While the pharmaceutical industry lobby has been able to delay many of the proposed drug pricing disclosure and transparency legislative initiatives, it appears that it is only a matter of time until many states follow California’s and Nevada’s lead and enact some sort of drug pricing transparency obligations. Already in 2018, Massachusetts, Pennsylvania, and Vermont have legislation pending concerning the transparency of drug pricing. At some point, drug manufacturers need to determine whether it is better to comply with a multitude of state drug pricing disclosure obligations or seek a uniform and consistent disclosure requirement through federal legislation.

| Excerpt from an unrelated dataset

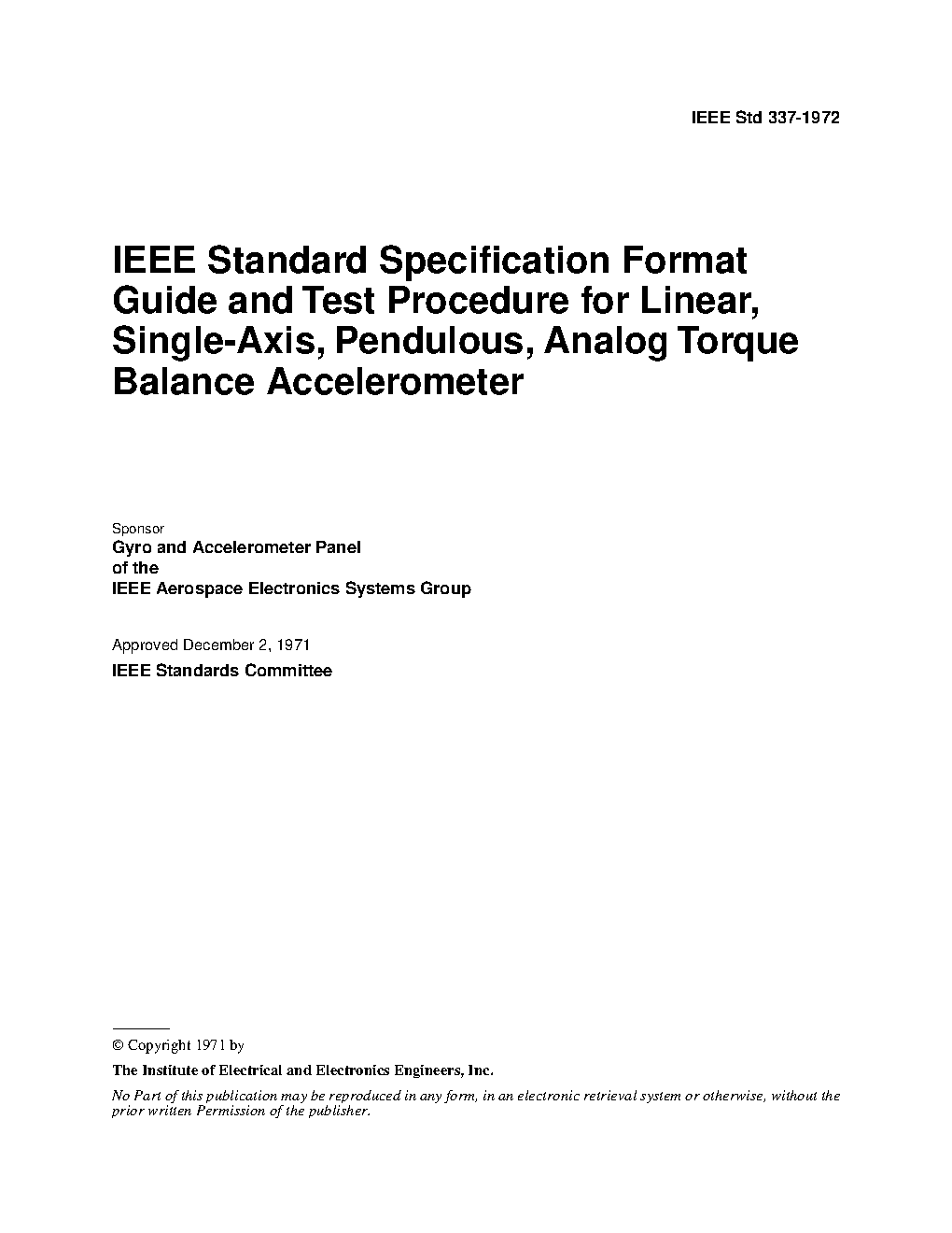 IEEE Standard Specification Format Guide and Test Procedure for Linear, Single-Axis, Non-Gyroscopic Accelerometers

In the meantime, drug manufacturers need to alert and/or establish certain functions to make sure they are complying with current state laws and are prepared in the event other states enact disclosure obligations. These functions include the following:
- Price Setting/Changing Committees—these committees need to be educated in terms of the reporting disclosure triggers, i.e., percentage increases and applicable time periods.
- Compliance Department—this department needs to maintain a list of the states currently requiring price reporting and the deadlines for such reporting. It should also be aware of pending legislation that may trigger reporting obligations.
- Communications Department—because states intend to make the information your company reports regarding price increases (as well as profit and R&D spending) public, this department needs to be kept in the loop so that it is prepared for media inquiries.